И на этом надо остановиться особо.

Я ведь в те годы начал думать, что с историей произошло что-то необычное, что она пошла не по тому пути, который я знал из учебников, что она свернула в какую-то чистую и ясную параллель. Это позже я понял, что никаких перемен с историей не было, что все дело было во мне, точнее говоря, в заложенных в мою голову ложных стереотипах о той жизни, которые просто разбивались, сталкиваясь с реальной действительностью. Время излечивало меня, выправляя мои свернутые мозги, а история шла по своему единственному пути.

Это были счастливые годы. Я даже сменил работу, в смысле, наконец, устроился по своей специальности. Ведь я учился на историка-архивиста. Я и устроился работать в архиве. Впрочем, приставку «историк» из названия моей специальности можно было ко всем собачьим чертям выбрасывать, ибо, как оказалось, в наши головы вложили совсем не ту историю, которая реально открывалась передо мной. Вы можете сказать, что история не может зависеть от преподавания или политики, что это лишь голые факты. Я тоже так думал до этих пор. На самом деле история — это, прежде всего, логика, точнее говоря, это логические связки между разными фактами. Это такая же наука, как и математика. Она, по сути, изучает логику появления событий. Убери эти связки, история рассыплется как бусы без нити, поскольку факты, сами по себе, не встроенные в логику событий, остаются в голове просто хламом, который мозг не способен анализировать и вскоре выбрасывает за ненадобностью.

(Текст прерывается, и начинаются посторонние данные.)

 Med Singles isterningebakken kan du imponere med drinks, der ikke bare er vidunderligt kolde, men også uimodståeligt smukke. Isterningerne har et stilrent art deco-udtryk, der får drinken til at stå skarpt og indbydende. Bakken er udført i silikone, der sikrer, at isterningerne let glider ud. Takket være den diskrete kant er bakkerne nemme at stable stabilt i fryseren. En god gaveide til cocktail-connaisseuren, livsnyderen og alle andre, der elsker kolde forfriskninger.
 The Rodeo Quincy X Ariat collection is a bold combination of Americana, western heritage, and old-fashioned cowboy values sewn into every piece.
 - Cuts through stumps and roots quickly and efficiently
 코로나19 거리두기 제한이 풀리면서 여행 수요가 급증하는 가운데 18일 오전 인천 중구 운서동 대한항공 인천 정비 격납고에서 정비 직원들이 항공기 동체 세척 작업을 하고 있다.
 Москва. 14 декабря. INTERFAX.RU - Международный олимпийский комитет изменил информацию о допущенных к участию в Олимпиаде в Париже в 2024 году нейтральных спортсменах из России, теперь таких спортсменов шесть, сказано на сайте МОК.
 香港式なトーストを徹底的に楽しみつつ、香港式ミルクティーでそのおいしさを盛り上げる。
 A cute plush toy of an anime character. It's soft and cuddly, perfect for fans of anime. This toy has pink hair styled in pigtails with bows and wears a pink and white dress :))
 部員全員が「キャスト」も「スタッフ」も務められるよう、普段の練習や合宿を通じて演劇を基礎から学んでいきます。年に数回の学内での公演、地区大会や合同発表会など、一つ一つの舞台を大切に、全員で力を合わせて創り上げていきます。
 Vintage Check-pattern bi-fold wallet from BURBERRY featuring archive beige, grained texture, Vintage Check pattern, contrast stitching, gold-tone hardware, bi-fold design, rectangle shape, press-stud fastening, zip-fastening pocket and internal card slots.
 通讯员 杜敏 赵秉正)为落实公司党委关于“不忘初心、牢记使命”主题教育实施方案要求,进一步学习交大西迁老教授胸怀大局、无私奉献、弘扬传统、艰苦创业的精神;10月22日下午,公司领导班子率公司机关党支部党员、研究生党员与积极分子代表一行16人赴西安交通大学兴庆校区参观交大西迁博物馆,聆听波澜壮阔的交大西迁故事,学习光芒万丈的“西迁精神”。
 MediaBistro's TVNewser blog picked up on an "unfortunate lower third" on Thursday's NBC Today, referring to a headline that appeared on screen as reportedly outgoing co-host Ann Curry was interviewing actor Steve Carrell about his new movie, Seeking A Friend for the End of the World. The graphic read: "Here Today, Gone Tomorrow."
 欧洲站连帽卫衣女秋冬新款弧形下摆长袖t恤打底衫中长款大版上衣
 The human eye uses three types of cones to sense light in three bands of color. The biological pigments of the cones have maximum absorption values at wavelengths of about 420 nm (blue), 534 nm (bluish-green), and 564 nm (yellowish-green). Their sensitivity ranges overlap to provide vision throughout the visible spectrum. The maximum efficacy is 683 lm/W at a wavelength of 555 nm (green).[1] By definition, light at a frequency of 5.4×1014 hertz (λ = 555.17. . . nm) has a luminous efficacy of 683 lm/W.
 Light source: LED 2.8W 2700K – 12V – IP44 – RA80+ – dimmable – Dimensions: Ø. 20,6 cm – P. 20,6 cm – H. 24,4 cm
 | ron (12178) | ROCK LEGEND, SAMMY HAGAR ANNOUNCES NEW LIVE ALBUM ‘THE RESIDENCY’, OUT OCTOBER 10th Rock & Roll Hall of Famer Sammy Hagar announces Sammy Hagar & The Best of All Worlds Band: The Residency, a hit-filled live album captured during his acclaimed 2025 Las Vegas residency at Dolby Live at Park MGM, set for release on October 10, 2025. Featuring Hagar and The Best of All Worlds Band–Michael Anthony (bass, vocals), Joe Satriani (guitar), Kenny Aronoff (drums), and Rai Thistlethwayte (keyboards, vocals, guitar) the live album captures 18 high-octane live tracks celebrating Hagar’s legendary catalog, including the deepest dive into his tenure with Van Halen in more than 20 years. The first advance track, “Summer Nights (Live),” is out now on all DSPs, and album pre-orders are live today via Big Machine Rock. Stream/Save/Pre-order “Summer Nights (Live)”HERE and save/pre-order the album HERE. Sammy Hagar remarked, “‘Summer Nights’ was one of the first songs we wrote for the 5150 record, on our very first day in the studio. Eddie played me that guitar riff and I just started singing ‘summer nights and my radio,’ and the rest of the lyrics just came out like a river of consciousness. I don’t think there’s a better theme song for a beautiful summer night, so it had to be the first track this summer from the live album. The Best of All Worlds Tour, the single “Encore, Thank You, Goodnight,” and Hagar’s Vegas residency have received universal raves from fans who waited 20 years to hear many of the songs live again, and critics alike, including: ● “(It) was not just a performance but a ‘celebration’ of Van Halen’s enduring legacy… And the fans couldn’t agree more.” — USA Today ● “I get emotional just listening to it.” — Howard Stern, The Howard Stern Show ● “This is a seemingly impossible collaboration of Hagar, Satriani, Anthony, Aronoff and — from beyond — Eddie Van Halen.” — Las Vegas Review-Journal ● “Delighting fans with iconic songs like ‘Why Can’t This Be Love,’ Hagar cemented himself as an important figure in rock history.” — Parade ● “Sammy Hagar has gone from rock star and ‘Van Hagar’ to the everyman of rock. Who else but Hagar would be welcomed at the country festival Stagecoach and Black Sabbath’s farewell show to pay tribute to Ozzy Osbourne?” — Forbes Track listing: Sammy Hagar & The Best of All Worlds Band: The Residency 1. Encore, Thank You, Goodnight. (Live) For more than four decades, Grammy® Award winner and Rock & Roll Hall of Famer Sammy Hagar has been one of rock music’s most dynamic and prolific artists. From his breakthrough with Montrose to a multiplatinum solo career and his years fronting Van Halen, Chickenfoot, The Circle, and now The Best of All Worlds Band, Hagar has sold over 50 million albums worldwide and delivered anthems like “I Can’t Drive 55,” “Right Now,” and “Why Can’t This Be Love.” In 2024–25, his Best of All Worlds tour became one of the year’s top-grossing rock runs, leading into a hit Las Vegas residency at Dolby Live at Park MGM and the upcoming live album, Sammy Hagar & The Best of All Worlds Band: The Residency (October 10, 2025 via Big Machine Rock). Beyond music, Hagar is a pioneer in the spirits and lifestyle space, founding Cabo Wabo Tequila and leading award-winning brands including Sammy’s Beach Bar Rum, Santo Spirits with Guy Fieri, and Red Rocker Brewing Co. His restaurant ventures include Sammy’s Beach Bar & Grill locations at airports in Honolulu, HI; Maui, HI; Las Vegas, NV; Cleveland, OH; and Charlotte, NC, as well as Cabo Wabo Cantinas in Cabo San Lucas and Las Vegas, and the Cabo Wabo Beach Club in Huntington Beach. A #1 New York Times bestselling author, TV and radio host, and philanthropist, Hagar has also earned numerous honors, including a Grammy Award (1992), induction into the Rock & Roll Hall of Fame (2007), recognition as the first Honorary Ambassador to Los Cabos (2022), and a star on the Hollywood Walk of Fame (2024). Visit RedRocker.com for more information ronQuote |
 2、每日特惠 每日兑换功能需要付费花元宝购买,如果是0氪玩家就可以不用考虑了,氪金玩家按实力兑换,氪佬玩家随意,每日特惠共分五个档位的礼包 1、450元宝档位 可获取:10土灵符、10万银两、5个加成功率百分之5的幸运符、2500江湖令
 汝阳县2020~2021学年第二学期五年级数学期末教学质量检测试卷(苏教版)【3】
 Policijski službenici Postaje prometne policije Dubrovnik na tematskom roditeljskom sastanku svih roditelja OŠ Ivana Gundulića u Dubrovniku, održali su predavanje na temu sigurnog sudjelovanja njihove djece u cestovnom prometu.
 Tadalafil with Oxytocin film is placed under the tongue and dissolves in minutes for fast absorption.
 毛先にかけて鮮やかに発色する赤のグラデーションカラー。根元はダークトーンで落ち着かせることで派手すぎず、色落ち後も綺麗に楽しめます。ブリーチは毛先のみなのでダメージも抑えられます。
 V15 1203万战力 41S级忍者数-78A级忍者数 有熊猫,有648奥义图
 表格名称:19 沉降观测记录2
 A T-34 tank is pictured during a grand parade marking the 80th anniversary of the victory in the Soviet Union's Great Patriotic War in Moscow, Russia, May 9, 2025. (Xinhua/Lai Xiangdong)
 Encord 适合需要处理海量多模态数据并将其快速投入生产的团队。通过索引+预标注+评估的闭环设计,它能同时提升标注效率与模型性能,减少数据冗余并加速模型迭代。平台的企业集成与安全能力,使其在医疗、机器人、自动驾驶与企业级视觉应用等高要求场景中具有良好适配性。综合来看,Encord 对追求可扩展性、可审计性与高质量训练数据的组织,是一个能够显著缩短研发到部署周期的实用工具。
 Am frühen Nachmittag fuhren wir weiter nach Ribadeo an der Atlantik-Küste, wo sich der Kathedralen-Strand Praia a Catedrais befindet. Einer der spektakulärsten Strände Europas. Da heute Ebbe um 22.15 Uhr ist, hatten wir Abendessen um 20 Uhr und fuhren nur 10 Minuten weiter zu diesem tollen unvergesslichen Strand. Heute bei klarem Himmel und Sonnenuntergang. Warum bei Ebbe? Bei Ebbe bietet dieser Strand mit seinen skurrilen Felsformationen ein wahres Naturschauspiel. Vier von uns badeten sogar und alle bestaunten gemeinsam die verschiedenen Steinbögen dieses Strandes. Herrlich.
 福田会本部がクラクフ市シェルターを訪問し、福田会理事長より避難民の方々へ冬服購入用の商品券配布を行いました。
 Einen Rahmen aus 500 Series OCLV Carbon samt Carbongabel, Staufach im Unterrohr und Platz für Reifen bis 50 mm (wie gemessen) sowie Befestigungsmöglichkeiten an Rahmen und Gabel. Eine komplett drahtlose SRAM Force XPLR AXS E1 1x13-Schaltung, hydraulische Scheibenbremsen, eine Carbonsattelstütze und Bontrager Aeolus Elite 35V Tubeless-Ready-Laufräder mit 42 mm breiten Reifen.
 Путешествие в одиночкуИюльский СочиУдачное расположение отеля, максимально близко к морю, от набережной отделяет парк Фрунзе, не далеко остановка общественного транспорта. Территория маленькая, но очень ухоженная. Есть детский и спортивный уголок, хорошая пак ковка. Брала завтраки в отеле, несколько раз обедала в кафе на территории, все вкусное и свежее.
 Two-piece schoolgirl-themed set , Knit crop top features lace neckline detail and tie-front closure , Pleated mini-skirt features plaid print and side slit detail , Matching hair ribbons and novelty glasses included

Ведь думаете, почему я «проспал» полет Гагарина? — Потому, что это событие в моем зомбированном подсознании было заложено совсем в другой логической цепочке. Нам ведь внушили, что советская космонавтика — это отрыжка гонки вооружений, что сначала наделали из агрессивных милитаристских побуждений ракет, а затем решили посадить на них людей. А полет Гагарина — не более чем дешевый популистский пиар, который нужен был только для того, чтобы прославить социализм. Но в реальности я видел, что гонка вооружений для нас была вынужденной. Я не видел ней признаков агрессивности. Более того, наше оружие помогало многим странам освобождаться от внешней зависимости. А раз так, то эта логическая цепочка рассыпалась в моей голове, и полет нашего космонавта оказался как бы в большом белом логическом пятне.

Надо ли говорить, что это событие сильно встряхнуло меня? Будто это белое пятно в моей башке с громким пшиком лопнуло. Все открылось мне совсем с другой стороны. В моем сознании выкристаллизовалось совершенно новое видение этой части нашей истории. Это было, как я уже сказал, Высочайшее Вознаграждение великому народу за его долгую тысячелетнюю миссию на нашей Матушке-Земле, за его страдания и самопожертвование, за его высочайший моральный дух. Это было и следствием невиданного технического рывка державы. Один из американских специалистов как-то сказал, что постройка космического корабля — это не результат озарения одного гениального конструктора. В нем воплощен труд тысяч предприятий и огромного числа инженеров и высококвалифицированных рабочих. Этого можно достичь только самыми современными технологиями и материалами. Это возможно только при самой прогрессивной системе образования. Неслучайно американцы после полета Гагарина поставили вопрос о реформе своей начальной и средней школы. Это событие вытекало из глубокой исторической логики начавшегося прорывного шествия великого народа к далекому светлому будущему. И я теперь окончательно поверил людям, поверил, что они способны построить свое светлое будущее. Увиденный собственными глазами взлет державы на космические высоты окончательно вытряхнул из меня все остатки ложных исторических цепочек, и я уже полноценно ощутил себя советским человеком.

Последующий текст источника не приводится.